Ket. Foto: Menlu kamboja, Prak Sokhonn (tengah) saat tiba di Pengadilan Arbitrase Permanen di Singapura pada Selasa (15/9). Di forum pengadilan internasional itu, Tailan menuding Kamboja berupaya cari simpati dengan pura-pura menjadi korban dalam sengketa untuk memperebutkan sumber daya maritim. — Sumber: AFP/THE STRAITS TIMES/GAVIN FOO

Pada Mei tahun ini, Tailan secara sepihak menarik diri dari perjanjian kerangka kerja bilateral yang bertujuan untuk menyelesaikan klaim perbatasan maritim yang tumpang tindih, tetapi membantah adanya kaitan dengan sengketa daratan mereka.

Kamboja kemudian memulai proses mediasi yang didukung Perserikatan Bangsa-Bangsa (PBB) di PCA, dengan menyatakan harapannya untuk kembali ke negosiasi yang konstruktif.

Saat memaparkan kasus Bangkok di hadapan panel yang terdiri dari lima pakar hukum internasional, Menteri Luar Negeri Sihasak Phuangketkeow mengatakan Kamboja berupaya untuk memfitnah Tailan melalui narasi palsu, distorsi fakta, dan tuduhan yang tidak berdasar, termasuk di forum internasional.

"Hal ini dilakukan dengan berpura-pura menjadi korban dengan rasa kebenaran diri yang bertujuan untuk mengklaim keunggulan moral," kata Menlu Sihasak.

Bentrokan antara Tailan dan Kamboja pada Juli dan Desember tahun lalu tercatat telah menewaskan puluhan orang dan menyebabkan lebih dari satu juta orang mengungsi sebelum gencatan senjata disepakati.

Tailan menyatakan telah menarik diri dari perjanjian kerangka kerja bilateral yang disebut "MoU 44" karena tidak ada kemajuan yang dicapai dalam pelaksanaannya.
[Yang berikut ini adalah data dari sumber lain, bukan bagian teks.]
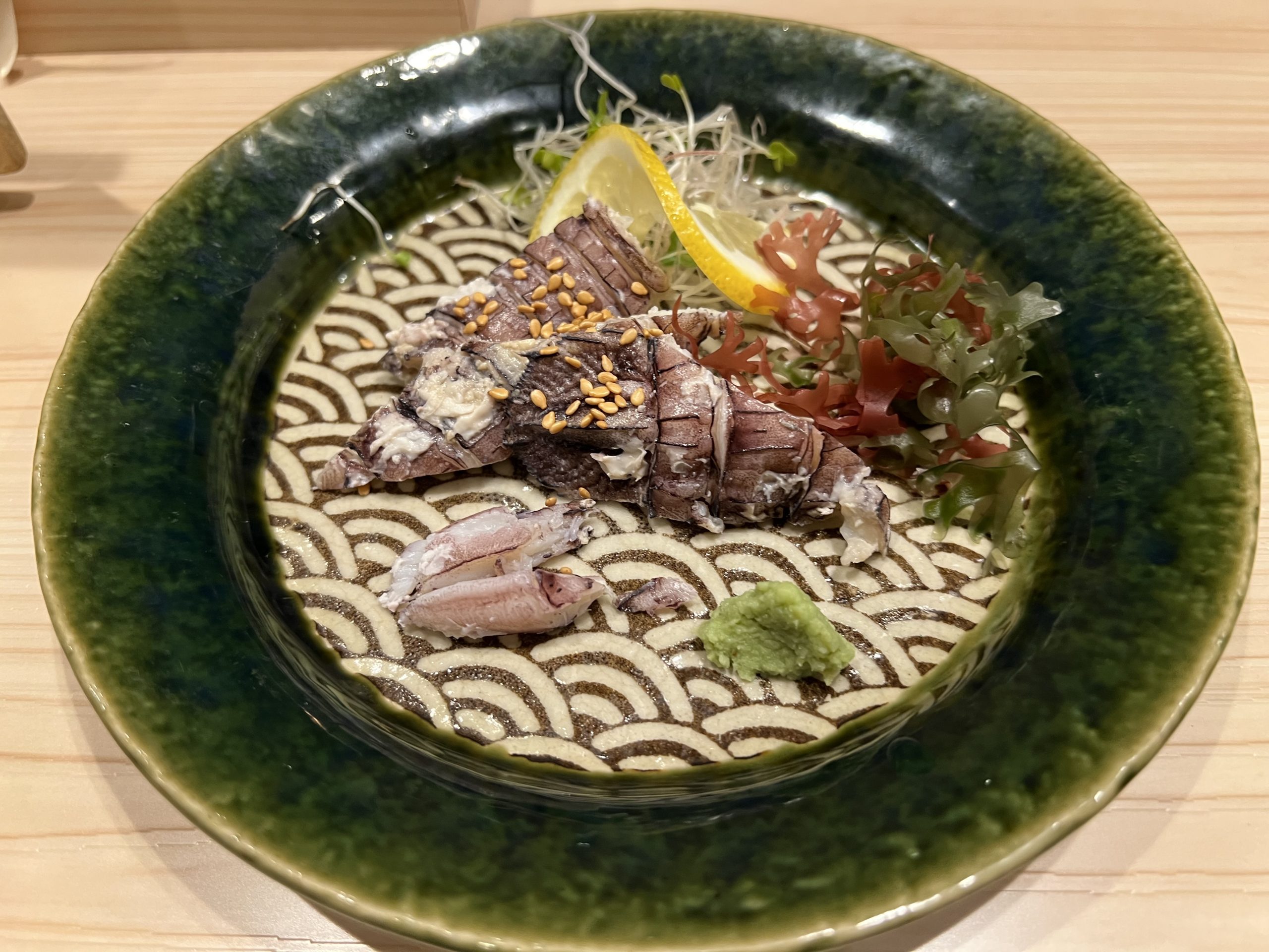 コースは7500円、10000円、15000円の3コースで、今回はメインに「ふらの和牛フィレ肉」が入った15000円のコースをチョイス。最初に出てきた1皿目は「利尻産北ムラサキウニのカナッペ」。乾燥した自家製ブリオッシュの上に、生ウニと擦ったニセコチーズ工房のラクレットとトマトウニソースがのっていた。2皿目は、この店のスペシャリティである「(北海道産)お野菜のテリーヌ」。温野菜の歯応えと甘みを感じる。適度な酸味のソースとの相性も絶妙で、野菜の魅力を最大限に引き出していた。3皿目は「噴火湾産水蛸のコンフィ 芦別産春菊のバターソース」。太いミズダコの足は弾力があるものの、比較的柔らかく調理されていた。また、春菊の香りが抑えられていたので、タコの香りが感じられた。合間に出されたバゲットは温められておらず、皮目がパリッとしていなかったのが残念だった。4皿目は「噴火湾産穴子のビネガーソース」。穴子は醤油と味醂で味付けされた和風の煮穴子で、これに大葉や甘いご飯が加わる。ミスマッチかと思いきや、これが意外にも美味しかった。5皿目は「島牧産石鯛のポワレ デュグレレソース」。皮目がパリッと焼かれ、身はしっとりとしていた。トマト風味のデュグレレソースは塩味ピッタリでコクがあった。メインとなる6皿目は「ふらの和牛フィレ肉のグリル」。フォンドボーを使った山椒風味のソースはバランスが良く、ふらの和牛フィレ肉の火の通し方も申し分なかった。最後の一皿はチーズかデザートを選べるが、僕はデザートの方を選択。この日のデザートは、「カシスのムース」か「グレープフルーツのゼリー寄せ」で、その後、飲み物と小菓子が出されて終了となった。

Perdana Menteri Tailand, Anutin Charnvirakul, membantah bahwa langkah tersebut terkait dengan pertempuran.

Nota kesepahaman tahun 2001 itu mencakup wilayah maritim yang kaya sumber daya seluas sekitar 27.000 kilometer persegi yang diklaim oleh Kamboja dan Tailan.

Bangun Kembali Kepercayaan

Kamboja mengatakan pekan lalu bahwa mereka telah menempuh jalur konsiliasi setelah Tailan secara sepihak mengakhiri kerangka kerja bilateral yang telah disepakati di mana kedua negara telah menegosiasikan klaim maritim mereka yang tumpang tindih selama lebih dari dua dekade.

Perdana Menteri Kamboja, Hun Manet, mengatakan pada Juni lalu bahwa langkah tersebut juga untuk melindungi kedaulatan dan hak maritim Kamboja sesuai dengan hukum internasional.

Menteri Luar Negeri Kamboja, Prak Sokhonn, mengatakan kepada panel PCA pada Selasa bahwa Phnom Penh melihat proses tersebut sebagai cara untuk membangun kembali kepercayaan, bukan sebagai bentuk eskalasi.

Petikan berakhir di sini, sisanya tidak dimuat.